Poeta escreve às sextas no Magazine e no Portal O Tempo

As tias mineiras

Publicado em: Dom, 08/12/19 - 03h00
Ilustração da coluna de Fabrício Carpinejar | Foto: Hélvio

As tias formam um patrimônio em Minas. Não aparecem apenas no nascimento e nas datas comemorativas. Não simbolizam peças decorativas, com presentes e lembranças esporádicas. Não têm uma função de coadjuvantes. Não estão no segundo escalão, como na maior parte das residências brasileiras.

Representam companhias para toda a vida, com a mesma importância de uma segunda mãe. Fortes, coerentes, destemidas, mulheres que não se deixam levar pelas facilidades.

Tias são madrastas emocionais, conselheiras constantes, anjos à paisana.

No Estado, o papel traduz uma honraria insubstituível, de tutoria psicológica, de completar a educação e o respeito de cada um de seus afilhados.

É uma missão levada a sério, com dedicação e acompanhamento em tempo integral dos sobrinhos. Ajudam decisivamente na formação, opinam na escolha da escola e da profissão, resolvem conflitos com os pais, amparam nos dilemas pessoais.

Sem a presença da tia, a família mineira não seria unida. É a cola da ternura, dando notícias dos primos e parentes mais distantes. Os galhos ficam mais próximos graças à doçura de suas preocupações.

Tenho vivido de perto a bênção dessas personagens. Minha mulher perdeu a sua mãe e, graças às suas tias, não perdeu também o espírito da maternidade e a alegria de ser protegida. O vazio não foi tão doloroso, o luto não foi tão implacável.

Desconheceria o que seria da dor de Beatriz se não contasse com as mãos finas e elegantes de suas tias nos seus ombros, esteios necessários para a planta florescer novamente.

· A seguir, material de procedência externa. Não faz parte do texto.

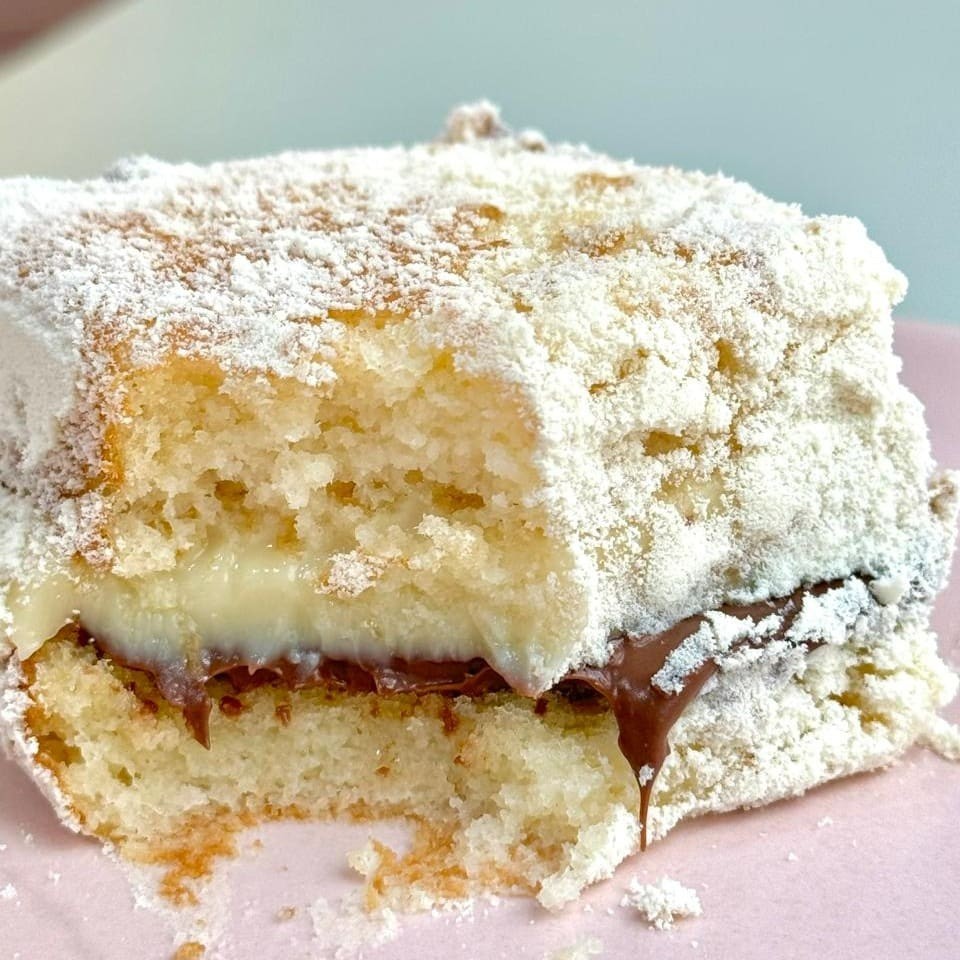 Massa de baunilha bem molhadinha, com um delicioso recheio cremoso de Ninho com Nutella.
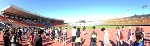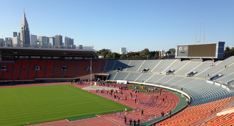 来年にはこの競技場も取りこわしが始まり、数年後あの未来的なスタジアムに変わります。まだまだ現役で使えそうなだけに勿体ない。ここは残し、必要なら別の場所に建設すれば良いのにとも思います。建て替えるにしても、東京駅やKITTEになった東京中央郵便局のように、どこかにこの競技場の一部を残せたらいいのにと、この場所で汗をかきながら思った秋晴れの日でした。

Até diria que ela passou a ser filha de suas tias, as irmãs de seu pai, Norma e Geni. Como um título transferido automaticamente na ausência da responsável.

Elas almoçam juntas todas as quintas, trocam longas ligações, frequentam o nosso apartamento e costumam ser citadas com frequência em nossas conversas como fiadoras do nosso destino.

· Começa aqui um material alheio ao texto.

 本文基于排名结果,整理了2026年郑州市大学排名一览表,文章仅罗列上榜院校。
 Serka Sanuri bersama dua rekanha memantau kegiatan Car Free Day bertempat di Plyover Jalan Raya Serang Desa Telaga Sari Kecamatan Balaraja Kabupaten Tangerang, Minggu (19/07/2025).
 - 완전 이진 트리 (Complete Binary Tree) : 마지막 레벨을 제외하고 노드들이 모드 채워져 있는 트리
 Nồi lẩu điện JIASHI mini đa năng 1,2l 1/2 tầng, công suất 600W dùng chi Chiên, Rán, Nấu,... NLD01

Forram as nossas almas com frases escolhidas a dedo. Têm uma paciência que se banha na fé, acham que há solução para tudo, que não devemos jamais nos desesperar.

Se há alguma dúvida, recorremos à sabedoria delas. Escutamos o que elas pensam, aceitamos a sua orientação, desfrutando da experiência e do discernimento de quem já sofreu no passado para poder nos ensinar a sofrer menos.

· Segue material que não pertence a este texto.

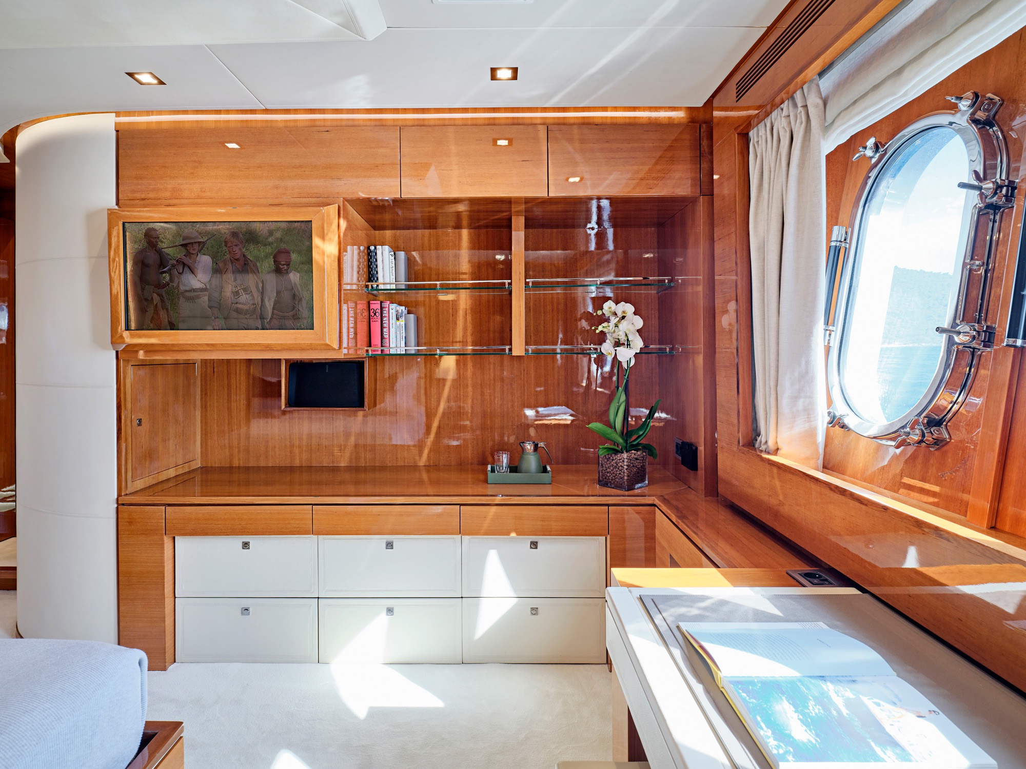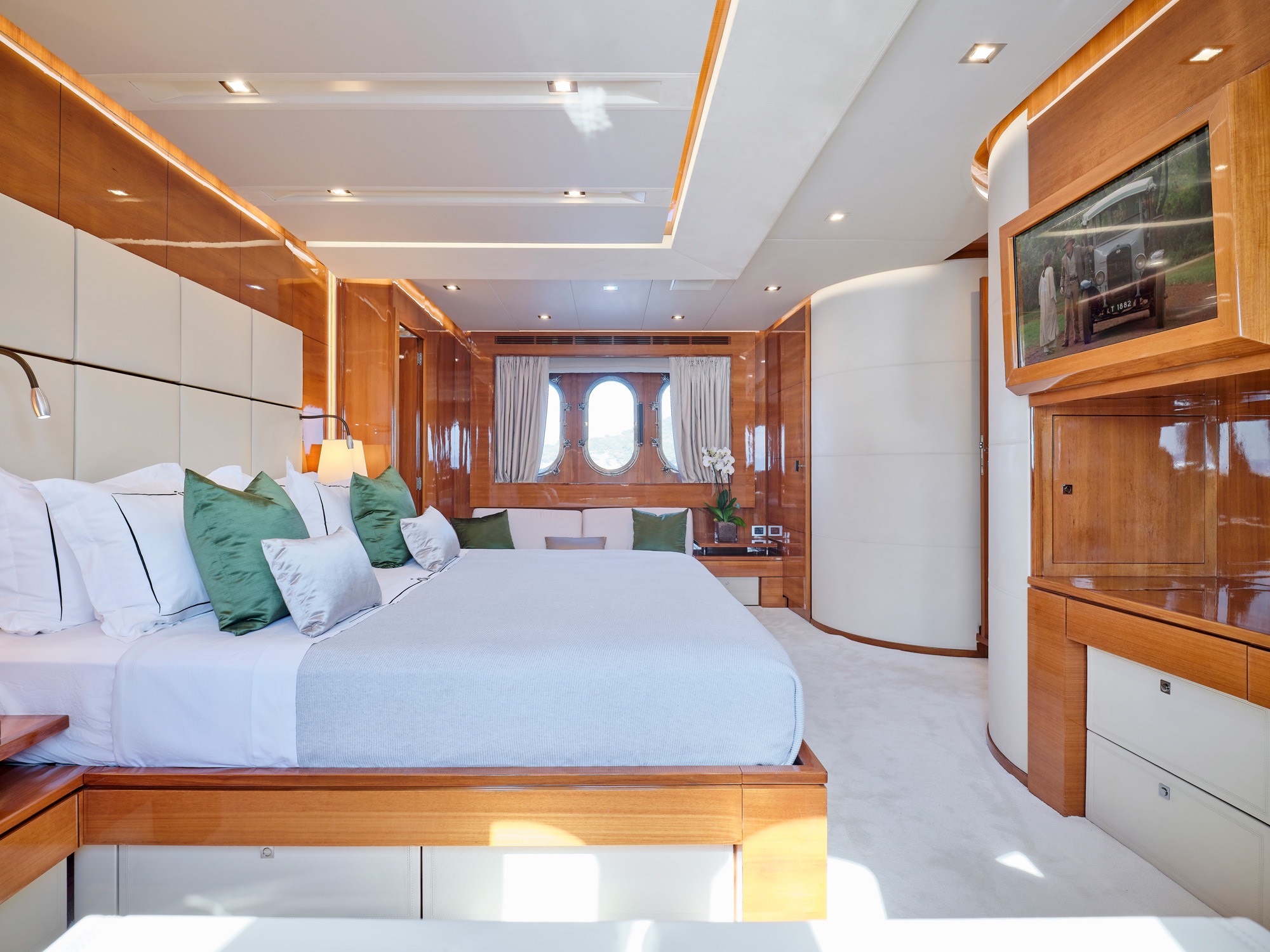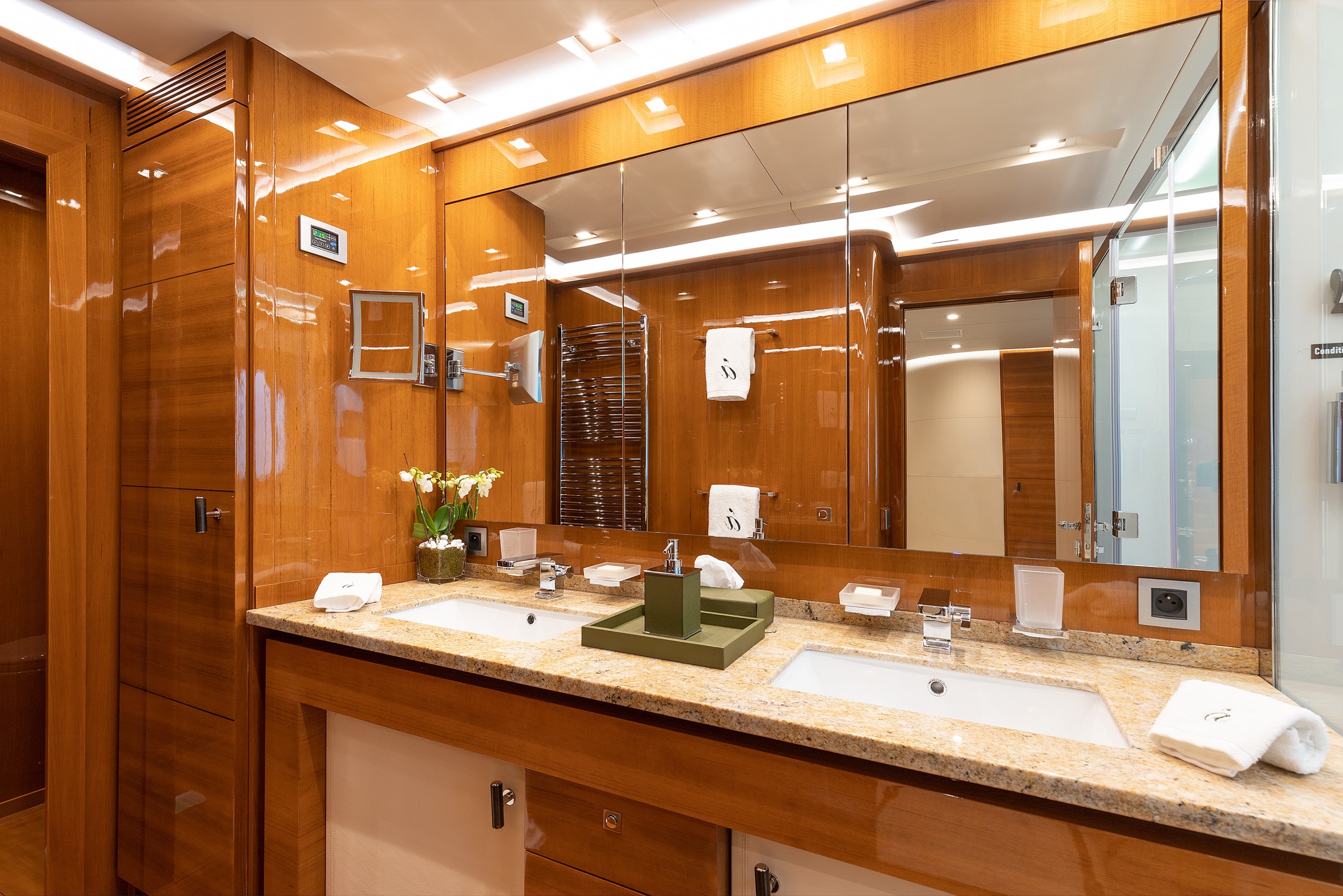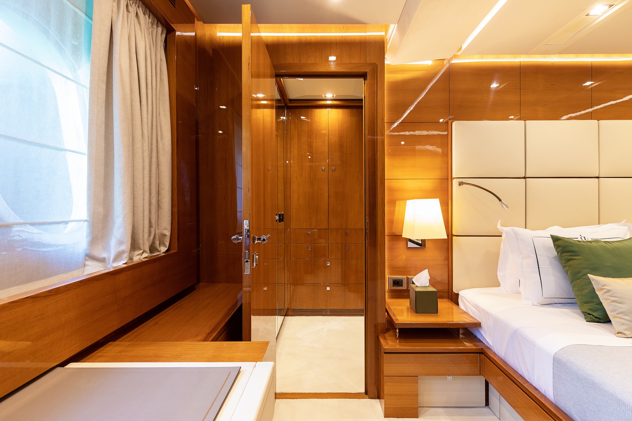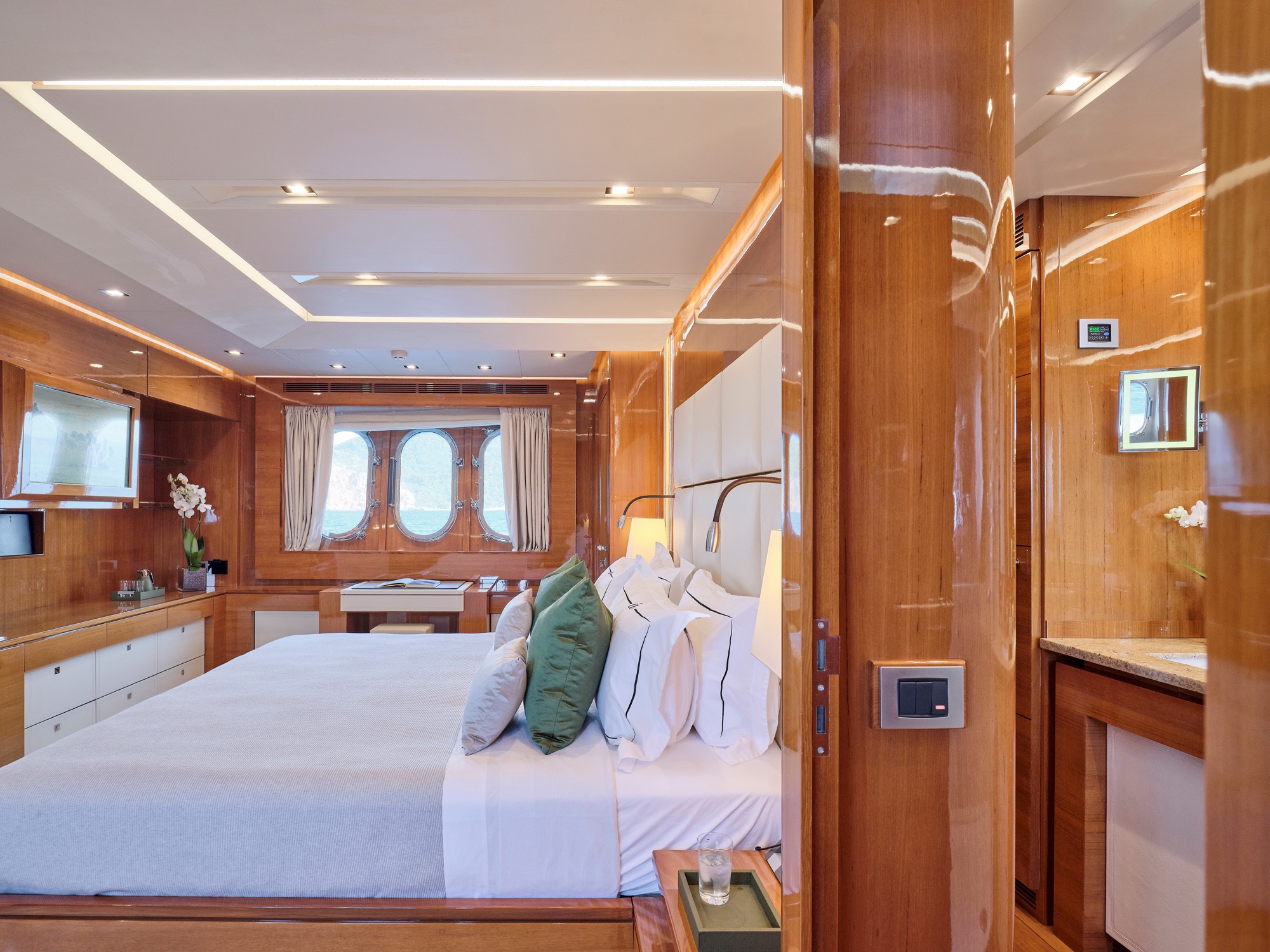 The full-beam Master Cabin is located amidship, and features a super-sized king bed, a sofa, a writing desk, and a walk-in closet.

As tias são o nosso telefonema de emergência, o nosso pedido de socorro, o nosso colo sagrado na hora do cansaço.

Não sofro de vergonha de chorar perto delas, não enfrento nenhum constrangimento de rir alto e parecer louco. Até diria também que elas são as minhas sogras, tamanho o interesse que demonstram pelo meu bem-estar.

Da mesma forma, as tias, com o gradual envelhecimento, tornam-se as crianças grandes a serem cuidadas pelos sobrinhos. E eles podem retribuir as gentilezas recebidas e devolver a atenção dada no passado.

Beatriz alimenta o costume de levar para passear Therezinha, irmã da sua mãe, com direito a sorvete, praça e cinema. Engordam as memórias de gentilezas. Quando estão lado a lado, não se desgrudam. Passam o dia inteiro fazendo programas, que começam de manhãzinha com Beatriz a buscando na casa de repouso, e terminam de noite, com o abraço apertado no portão.

Amor de tia é pura gratidão, um sentimento desinteressado e voluntário de amadrinhamento. A única distinção é que o parto não é do ventre, mas do esforço do coração.